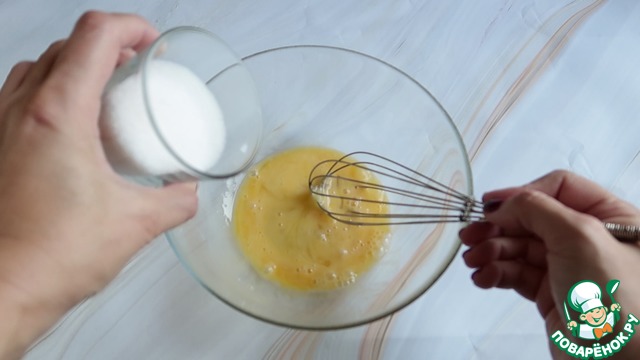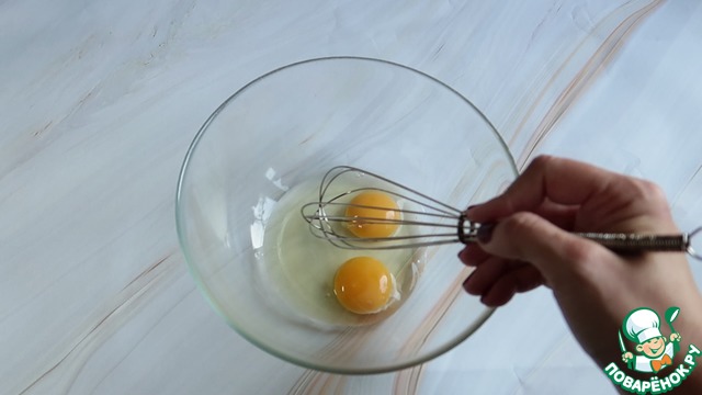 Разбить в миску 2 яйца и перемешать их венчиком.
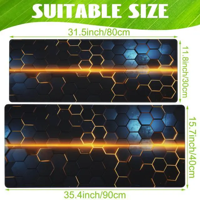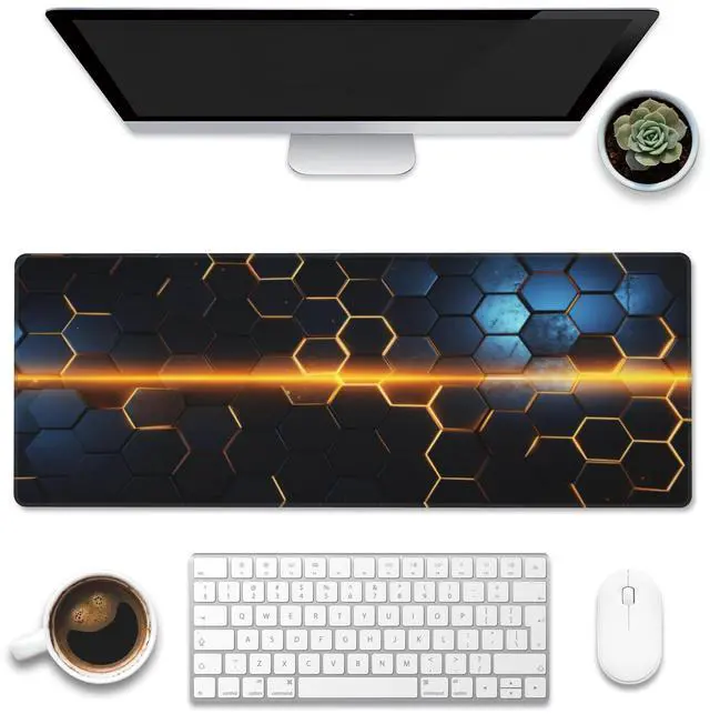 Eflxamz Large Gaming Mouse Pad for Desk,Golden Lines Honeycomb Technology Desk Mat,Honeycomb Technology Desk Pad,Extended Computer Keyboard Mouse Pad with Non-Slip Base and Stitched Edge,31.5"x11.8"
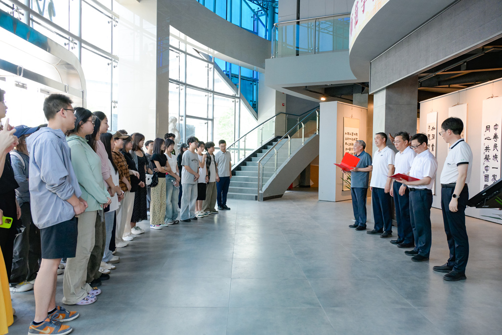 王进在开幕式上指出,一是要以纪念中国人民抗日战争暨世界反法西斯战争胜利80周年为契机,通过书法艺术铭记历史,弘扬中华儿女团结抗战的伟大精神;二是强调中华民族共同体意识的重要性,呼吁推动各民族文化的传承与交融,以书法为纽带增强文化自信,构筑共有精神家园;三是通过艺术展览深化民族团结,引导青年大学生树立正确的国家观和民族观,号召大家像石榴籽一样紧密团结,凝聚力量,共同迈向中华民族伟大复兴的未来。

* * * * * * *

Your copy should match the data above exactly, apart from the pictures.

 Разбить в миску 2 яйца и перемешать их венчиком.
 Eflxamz Large Gaming Mouse Pad for Desk,Golden Lines Honeycomb Technology Desk Mat,Honeycomb Technology Desk Pad,Extended Computer Keyboard Mouse Pad with Non-Slip Base and Stitched Edge,31.5"x11.8"
 王进在开幕式上指出,一是要以纪念中国人民抗日战争暨世界反法西斯战争胜利80周年为契机,通过书法艺术铭记历史,弘扬中华儿女团结抗战的伟大精神;二是强调中华民族共同体意识的重要性,呼吁推动各民族文化的传承与交融,以书法为纽带增强文化自信,构筑共有精神家园;三是通过艺术展览深化民族团结,引导青年大学生树立正确的国家观和民族观,号召大家像石榴籽一样紧密团结,凝聚力量,共同迈向中华民族伟大复兴的未来。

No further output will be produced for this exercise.